_INFORMATION GIVEN_:
-- Opening Marker --

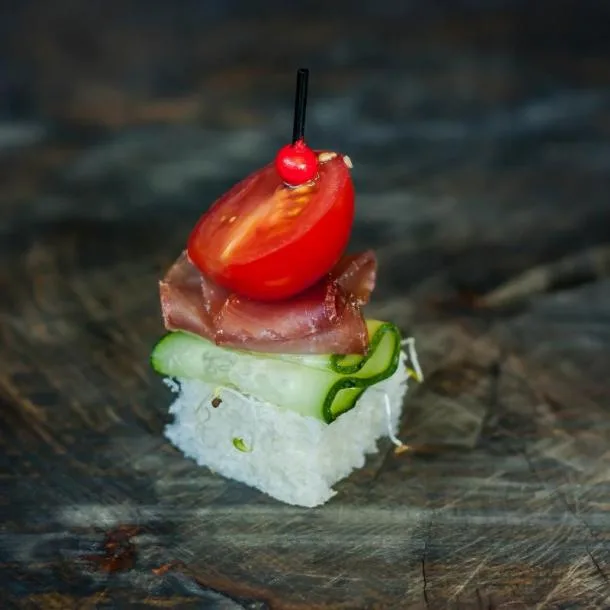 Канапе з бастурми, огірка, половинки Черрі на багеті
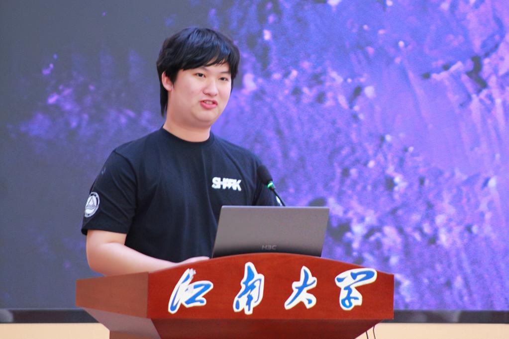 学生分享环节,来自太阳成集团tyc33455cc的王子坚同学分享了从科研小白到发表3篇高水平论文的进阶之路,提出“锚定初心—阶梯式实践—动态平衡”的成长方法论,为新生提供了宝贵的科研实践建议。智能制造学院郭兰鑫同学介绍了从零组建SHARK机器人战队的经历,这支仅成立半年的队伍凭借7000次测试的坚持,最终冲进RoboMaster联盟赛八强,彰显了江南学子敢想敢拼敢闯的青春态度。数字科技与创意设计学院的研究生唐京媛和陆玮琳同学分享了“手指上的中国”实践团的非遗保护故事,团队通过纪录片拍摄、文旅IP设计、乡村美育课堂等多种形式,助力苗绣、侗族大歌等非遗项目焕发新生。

-- Closing Marker --
-- Opening Marker --

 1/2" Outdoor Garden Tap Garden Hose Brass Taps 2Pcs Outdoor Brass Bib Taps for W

-- Closing Marker --

_REQUIRED ACTION_: Look above for the line with "Канапе з бастурми, огірка, половинки" and copy exactly from it through the line with "学生分享环节,来自太阳成集团", both included. Omit the pictures.

_SOLUTION BELOW_:
 Канапе з бастурми, огірка, половинки Черрі на багеті
 学生分享环节,来自太阳成集团tyc33455cc的王子坚同学分享了从科研小白到发表3篇高水平论文的进阶之路,提出“锚定初心—阶梯式实践—动态平衡”的成长方法论,为新生提供了宝贵的科研实践建议。智能制造学院郭兰鑫同学介绍了从零组建SHARK机器人战队的经历,这支仅成立半年的队伍凭借7000次测试的坚持,最终冲进RoboMaster联盟赛八强,彰显了江南学子敢想敢拼敢闯的青春态度。数字科技与创意设计学院的研究生唐京媛和陆玮琳同学分享了“手指上的中国”实践团的非遗保护故事,团队通过纪录片拍摄、文旅IP设计、乡村美育课堂等多种形式,助力苗绣、侗族大歌等非遗项目焕发新生。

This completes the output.